Reputation: 38760
I have a "master" dataframe that has the following columns:
userid, condition
Since there are four experiment conditions, I also have four dataframes that carry answer information, with the following columns:
userid, condition, answer1, answer2
Now, I'd like to join these, so all combinations of user IDs, conditions and their answers to these conditions are merged. Each condition should only have the correct answer in the appropriate column, per row.
master = data.frame(userid=c("foo","foo","foo","foo","bar","bar","bar","bar"), condition=c("A","B","C","D","A","B","C","D"))
cond_a = data.frame(userid=c("foo","bar"), condition="A", answer1=c("1","1"), answer2=c("2","2"))
cond_b = data.frame(userid=c("foo","bar"), condition="B", answer1=c("3","3"), answer2=c("4","4"))
cond_c = data.frame(userid=c("foo","bar"), condition="C", answer1=c("5","5"), answer2=c("6","6"))
cond_d = data.frame(userid=c("foo","bar"), condition="D", answer1=c("7","7"), answer2=c("8","8"))
How do I merge all conditions into the master, so the master table looks like follows?
userid condition answer1 answer2
1 bar A 1 2
2 bar B 3 4
3 bar C 5 6
4 bar D 7 8
5 foo A 1 2
6 foo B 3 4
7 foo C 5 6
8 foo D 7 8
I've tried the following:
temp = merge(master, cond_a, all.x=TRUE)
Which gives me:
userid condition answer1 answer2
1 bar A 1 2
2 bar B <NA> <NA>
3 bar C <NA> <NA>
4 bar D <NA> <NA>
5 foo A 1 2
6 foo B <NA> <NA>
7 foo C <NA> <NA>
8 foo D <NA> <NA>
But as soon as I do this…
merge(temp, cond_b, all.x=TRUE)
There are no values for condition B
. How come?
userid condition answer1 answer2
1 bar A 1 2
2 bar B <NA> <NA>
3 bar C <NA> <NA>
4 bar D <NA> <NA>
5 foo A 1 2
6 foo B <NA> <NA>
7 foo C <NA> <NA>
8 foo D <NA> <NA>
Upvotes: 9
Views: 28780
Reputation: 7784
You can express this join as a SQL
statement, and then use the sqldf
library to execute it.
cond_all = rbind(cond_a, cond_b, cond_c, cond_d)
> sqldf('select p.userid as userid, p.condition as condition, answer1, answer2 from master as p join cond_all as q on p.userid=q.userid and p.condition=q.condition order by userid, condition')
userid condition answer1 answer2
1 bar A 1 2
2 bar B 3 4
3 bar C 5 6
4 bar D 7 8
5 foo A 1 2
6 foo B 3 4
7 foo C 5 6
8 foo D 7 8
You mentioned in a comment that the master dataframe has extra columns that do not exist in the cond dataframes.

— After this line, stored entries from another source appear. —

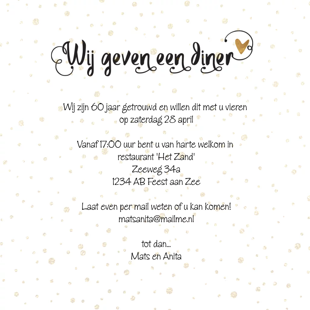 60 jaar getrouwd uitnodiging diner goud confetti en handlettering
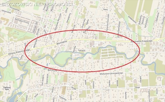 Spokojna, zielona okolica, w sąsiedztwie rzeki Jeziorki i zabudowy jednorodzinnej.
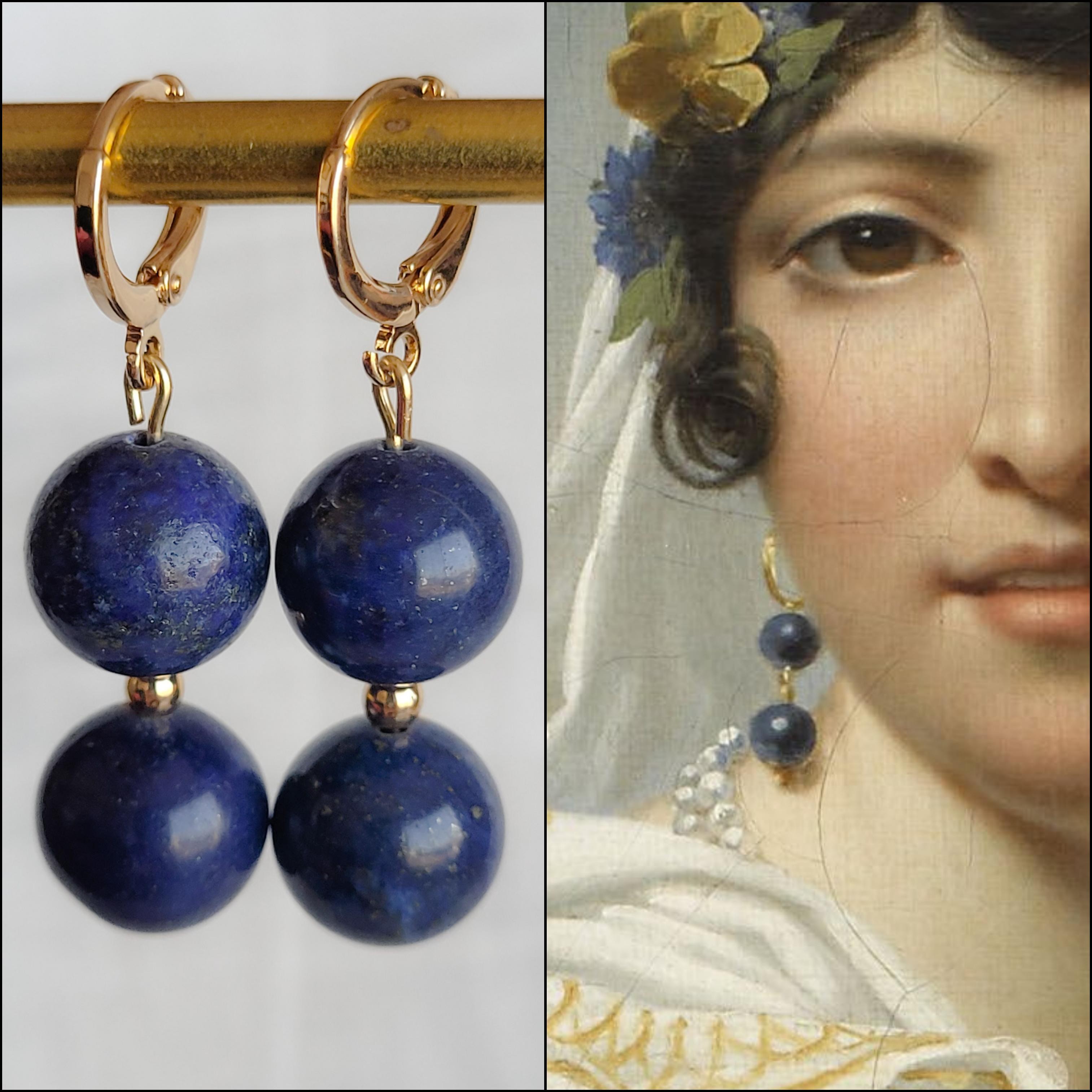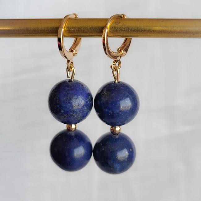 Boucles d'oreilles en plaqué or et perles de lapis lazuli de 12 millimètres séparées par une perle de 4 millimètres.
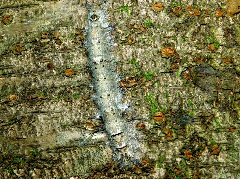 -- カレハガの幼虫@桜:下が頭。体長約90mm.
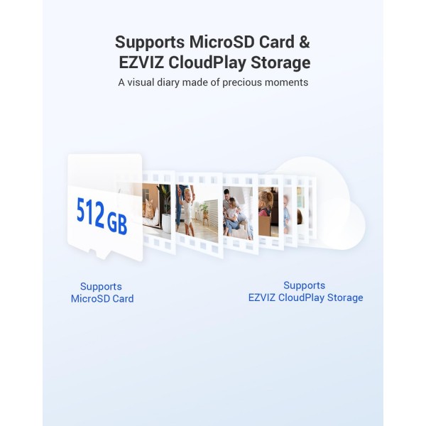 La CB2 utilise la dernière technologie de compression vidéo H.265, qui rend la vidéo plus claire et plus fluide tout en réduisant le besoin d'espace de stockage de données et de bande passante. Sécurisez vos vidéos enregistrées sur une carte microSD locale jusqu'à 256 Go (carte non incluse), ou abonnez-vous au CloudPlay d'EZVIZ pour un stockage cloud entièrement crypté et une tranquillité d'esprit supplémentaire.
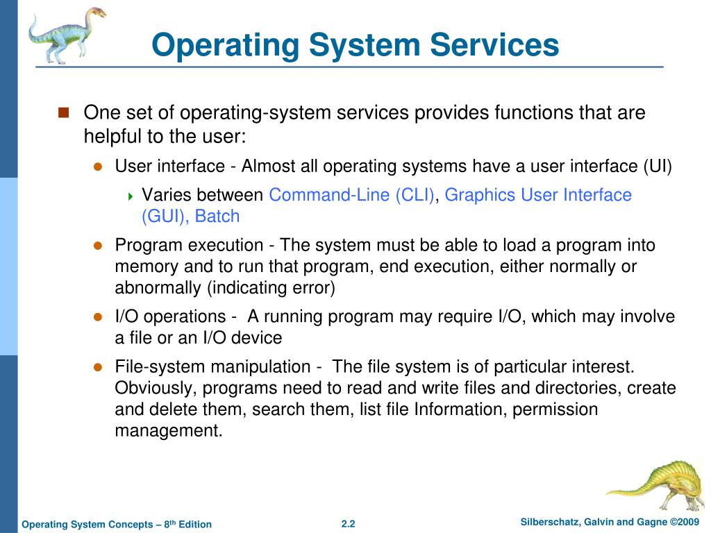 Operating System Services • One set of operating-system services provides functions that are helpful to the user: • User interface - Almost all operating systems have a user interface (UI) • Varies between Command-Line (CLI), Graphics User Interface (GUI), Batch • Program execution - The system must be able to load a program into memory and to run that program, end execution, either normally or abnormally (indicating error) • I/O operations - A running program may require I/O, which may involve a file or an I/O device • File-system manipulation - The file system is of particular interest. Obviously, programs need to read and write files and directories, create and delete them, search them, list file Information, permission management.
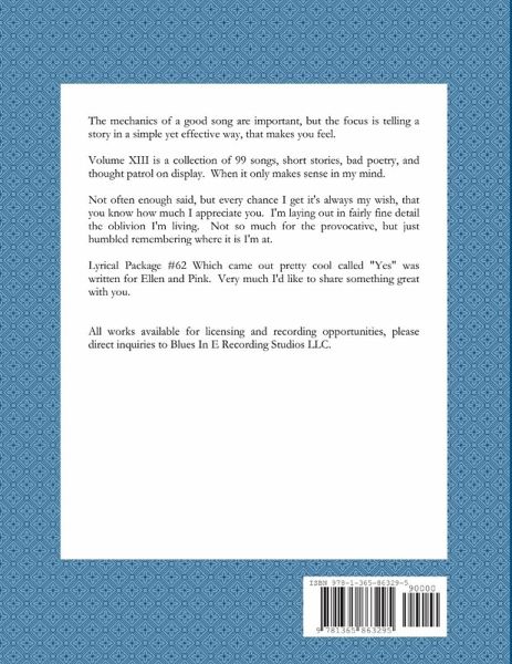 Blues In E Recording Studios LLC Lyrical Catalog Volume XIII is a collection of 99 songs, short stories, bad poetry, and thought patrol on display. When it only makes sense in my mind. All works available for licensing and recording.
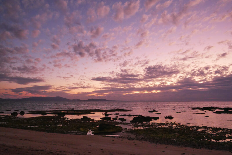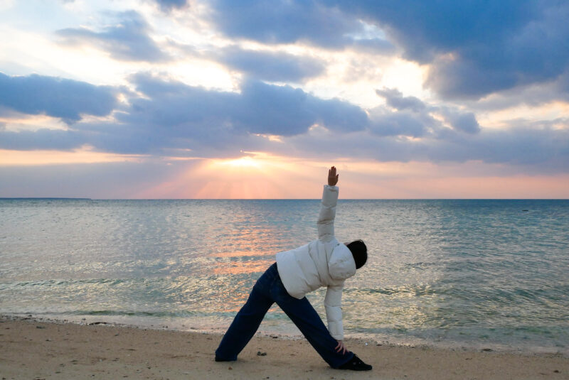 ちなみに、滞在時(1月上旬)は日の出が7:25頃だったので、7:10頃からスタートし、15分ほど体を動かしたら、遠くに見える竹富島のそばから日の出を迎えるという流れでした。

You should be able to modify this SQL query to still work for this case.
Upvotes: 1
Reputation: 2651
As stated by the OP, given that no explicit relationship with the master data frame, an option is this:
temp <-rbind(cond_a,cond_b,cond_c,cond_d)

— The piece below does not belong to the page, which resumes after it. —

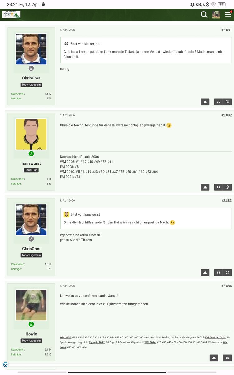 Ich lebe seit der WM2010 in den Staaten und kenne daher wenige Tooorler persönlich, aber die Erinnerungen an 2006 und 2010 sind echte Highlights. Jobinterview in München auf den Tag von #1 gelegt und genau in der Schussbahn von Lahms Tor gestanden. Stundenlang nachts F5 und irgendwann tatsächlich 2x HF Dortmund geschossen. In der Nähe von Christian Wörns gesessen und den Grosso-Schuss ins Herz live miterlebt. Und ein grandioser Monat in Südafrika mit Sonnenbrand in Polokwane und Schnee in Bloemfontain. Verspätete Zugfahrt Joburg - Cape Town weil jemand ein Stück Oberleitung geklaut hatte. Resale-Tickets mit wackligem WLAN geschossen und dann zum Ausdruckautomaten gefahren. Tickets getauscht in einem Tooor-Haus, leider weiß ich die usernames nicht mehr. Denke sugar war dabei. Suarez Hand auf der Linie live gesehen und neben einem Tooorler gesessen. Und so weiter und so fort. Cheers auf neue Erinnerungen in den kommenden Jahren! 2026 Heimspiel für mich.
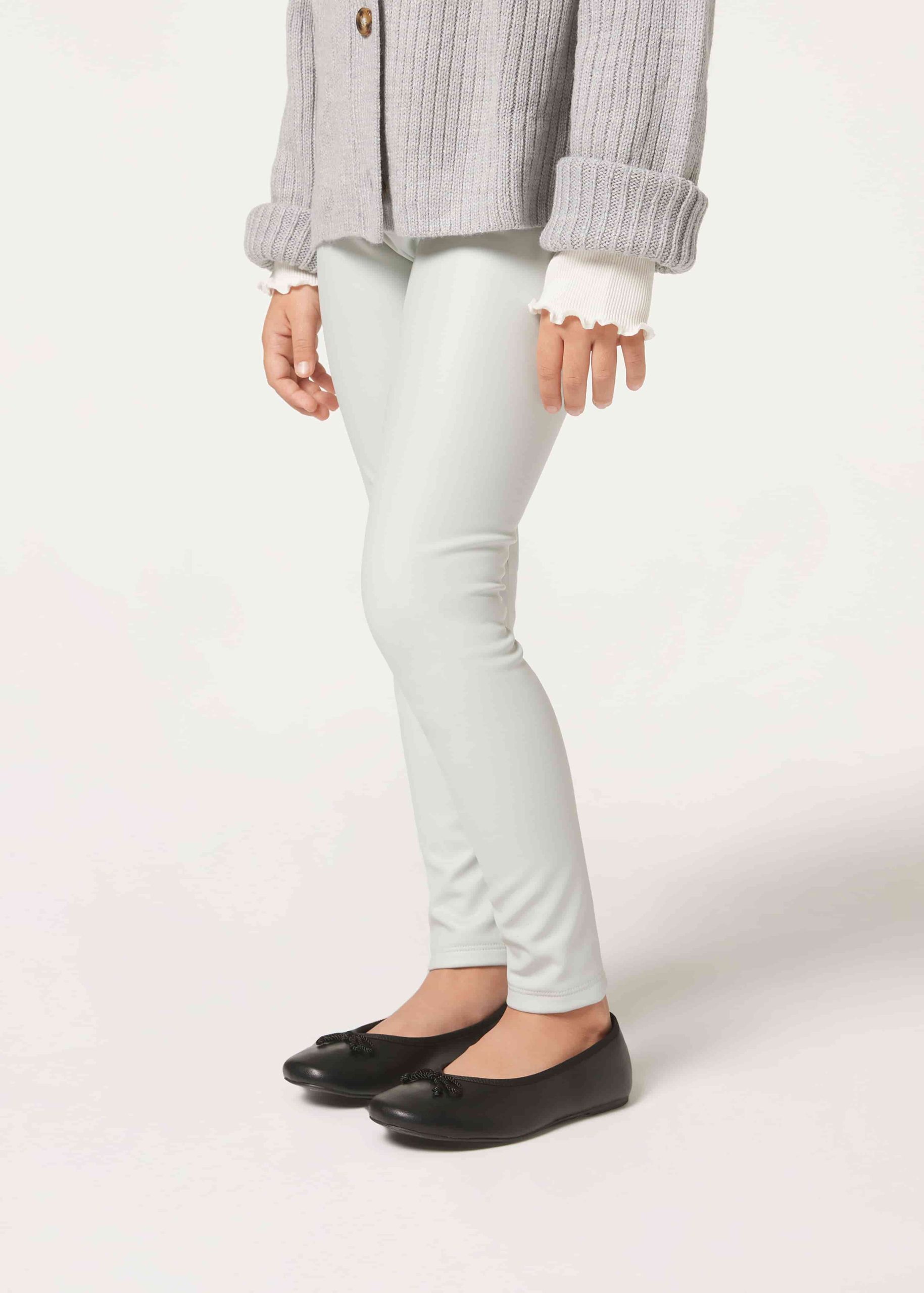 Girls’ leather effect thermal leggings. The brushed fabric inside gives it a warm, pleasant feel against the skin, recommended for the colder months. Comfortable waistband for the perfect fit.

temp[order(temp["userid"]),]
Perhaps if any relationship was known, there could be a non-simplistic solution.
Upvotes: 2
Reputation: 193677
You can use Reduce()
and complete.cases()
as follows:
merged <- Reduce(function(x, y) merge(x, y, all=TRUE),
list(master, cond_a, cond_b, cond_c, cond_d))
merged[complete.cases(merged), ]
# userid condition answer1 answer2
# 1 bar A 1 2
# 2 bar B 3 4
# 4 bar C 5 6
# 6 bar D 7 8
# 8 foo A 1 2
# 9 foo B 3 4
# 11 foo C 5 6
# 13 foo D 7 8
Reduce()
might take some getting accustomed to. You define your function, and then provide a list
of objects to repeatedly apply the function to. Thus, that statement is like doing:
temp1 <- merge(master, cond_a, all=TRUE)
temp2 <- merge(temp1, cond_b, all=TRUE)
temp3 <- merge(temp2, ....)
Or something like:
merge(merge(merge(master, cond_a, all=TRUE), cond_b, all=TRUE), cond_c, all=TRUE)
complete.cases()
creates a logical vector of whether the specified columns are "complete" or not; this logical vector can be used to subset from the merged data.frame
.
Upvotes: 13